Exercise requirements:
Give an exact copy of the data that follows, but none of its pictures.

Data extract:
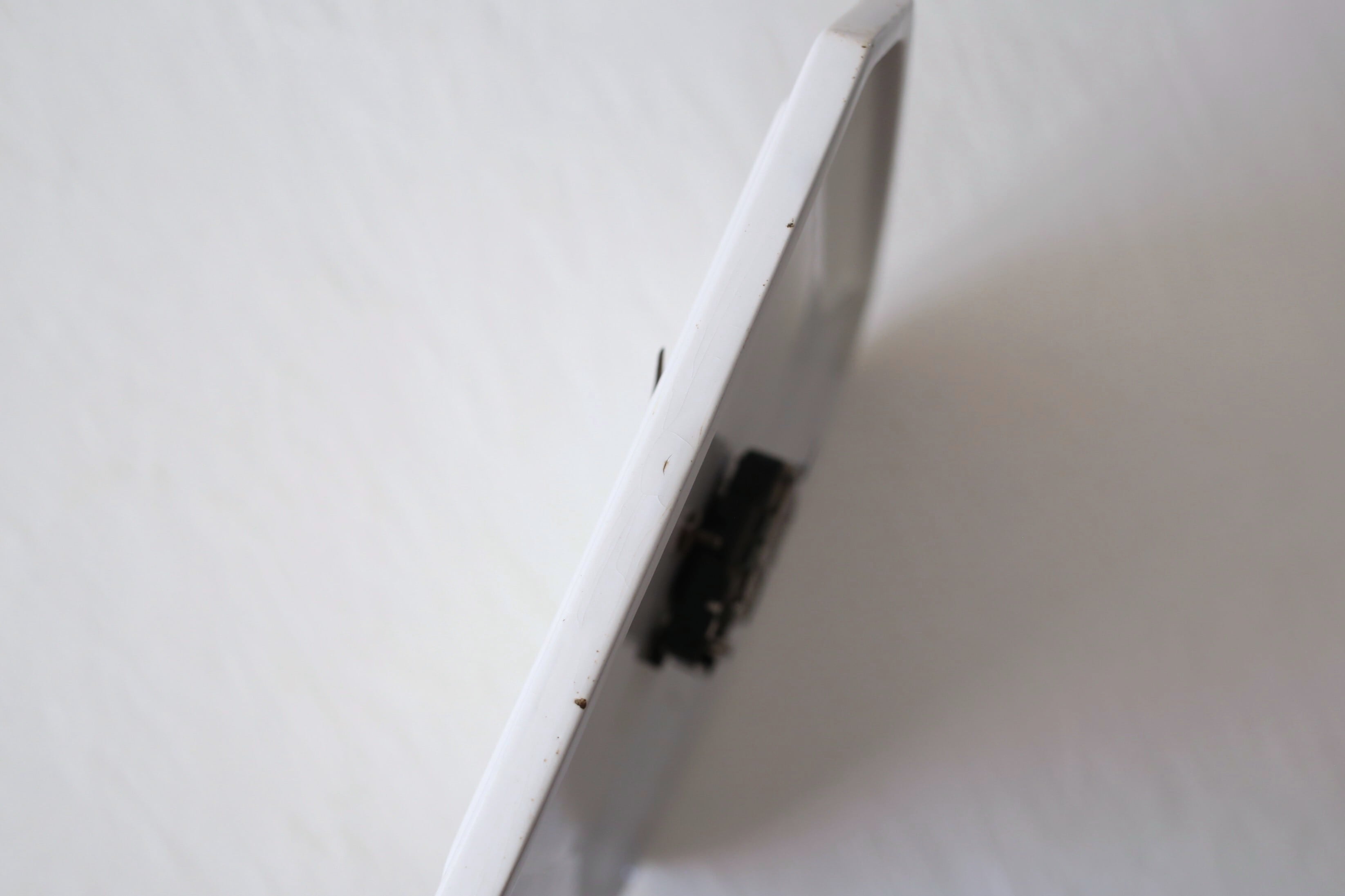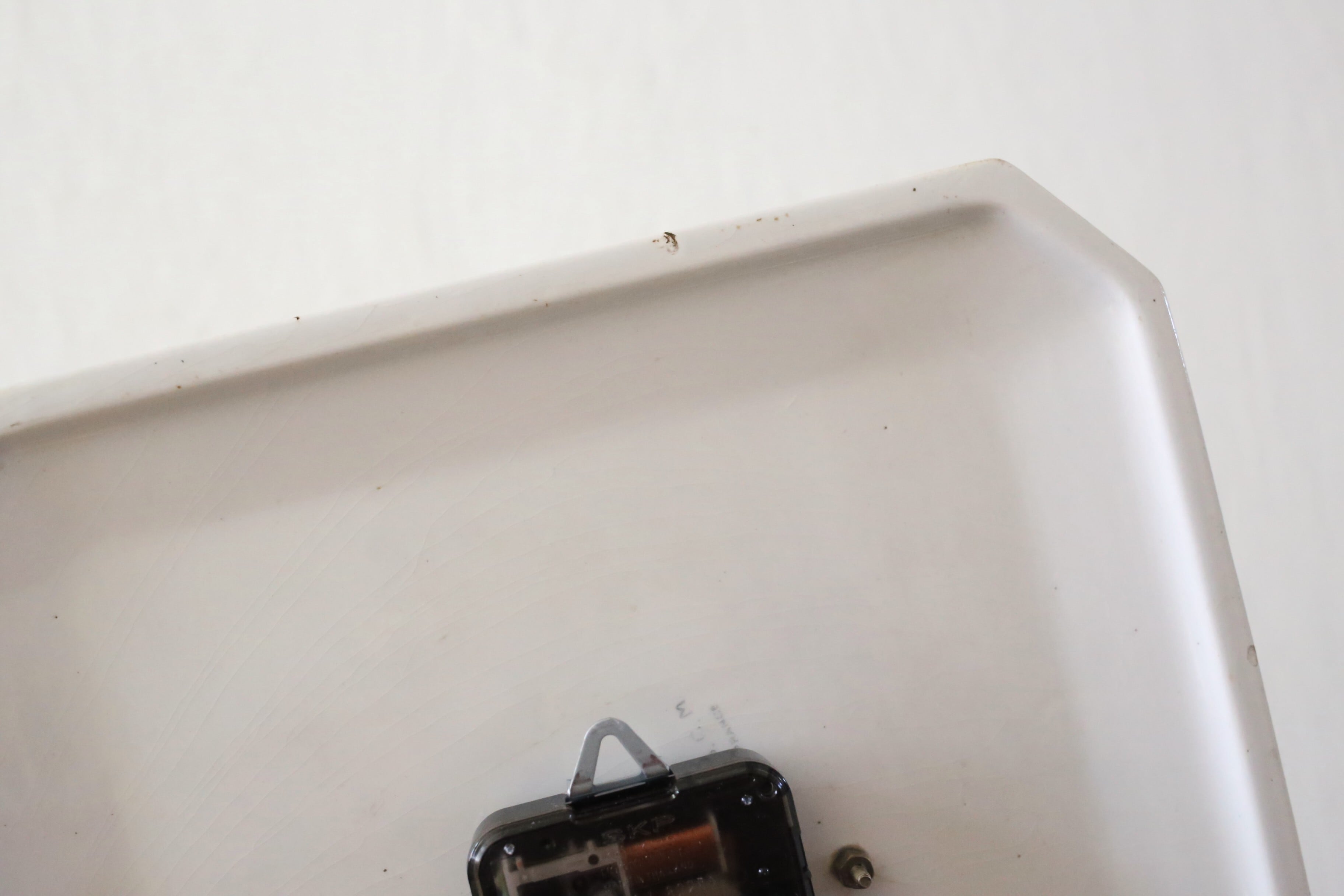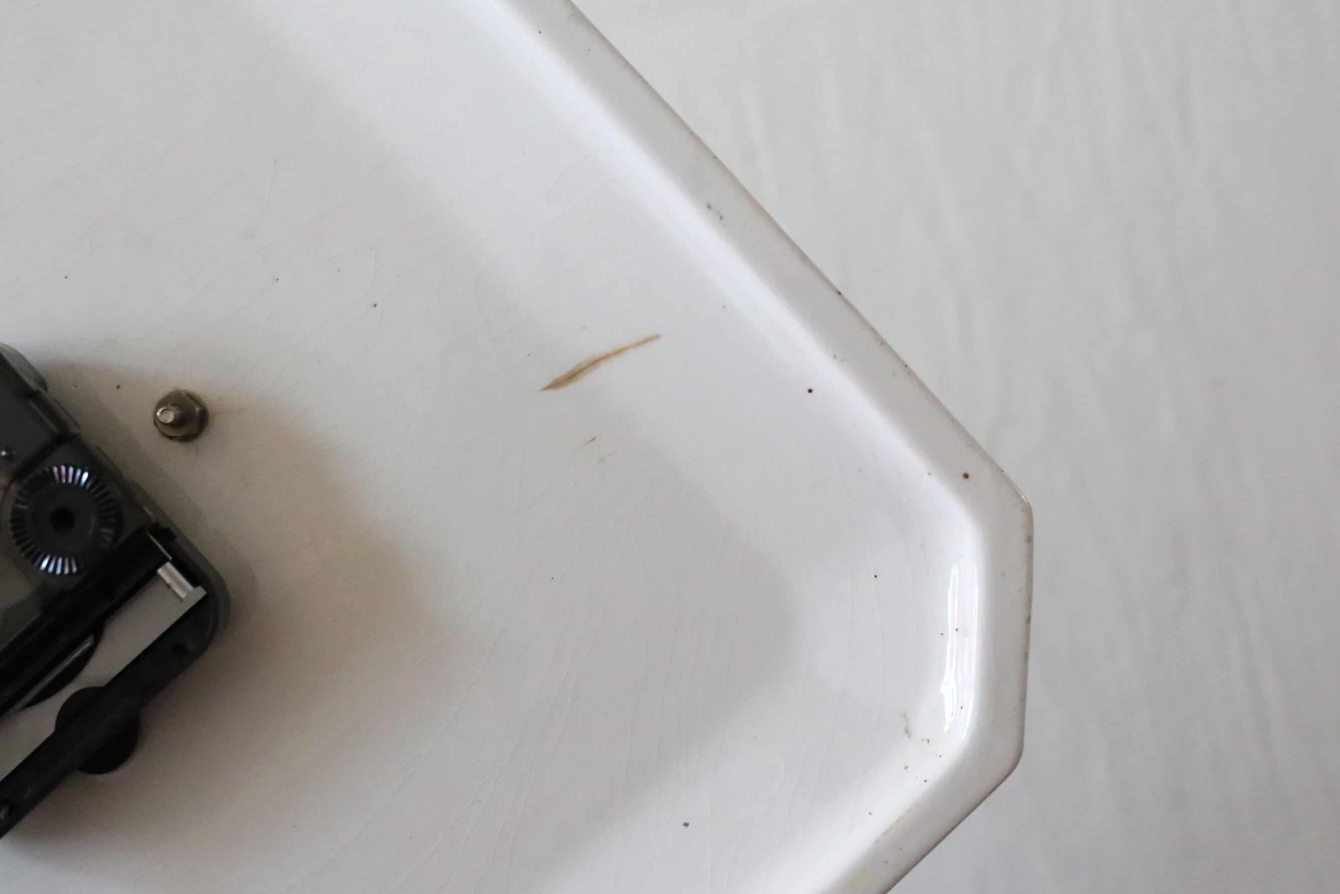 スチールの針に多少のサビやペイントの剥離、陶器に微細なキズやスレ、わずかにシミや裏側の縁に薄いチップはありますが、全体的には大きなダメージもなく良い状態です。
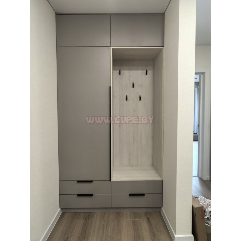 Такой шкаф идеально подойдет для прихожей или коридора, сочетая в себе функциональность и современный дизайн.
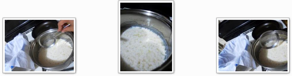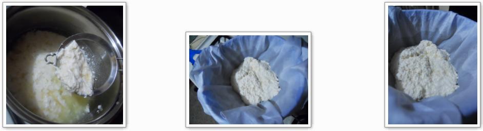 Equipment: large pot, wooden spoon, big and small colanders, cheese cloth (or new handkerchief), large bowl, thermometer (optional)
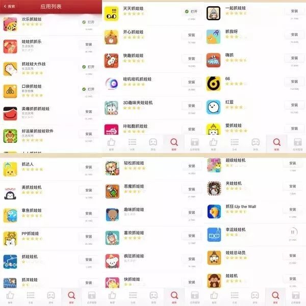 走差异化路线的第二种方式是前文提到过的H5版和Web版线上抓娃娃,这种方式打的是市场化的差异,通过应用产品投放市场的不同争取更多的流量。

Result for this task:
 スチールの針に多少のサビやペイントの剥離、陶器に微細なキズやスレ、わずかにシミや裏側の縁に薄いチップはありますが、全体的には大きなダメージもなく良い状態です。
 Такой шкаф идеально подойдет для прихожей или коридора, сочетая в себе функциональность и современный дизайн.
 Equipment: large pot, wooden spoon, big and small colanders, cheese cloth (or new handkerchief), large bowl, thermometer (optional)
 走差异化路线的第二种方式是前文提到过的H5版和Web版线上抓娃娃,这种方式打的是市场化的差异,通过应用产品投放市场的不同争取更多的流量。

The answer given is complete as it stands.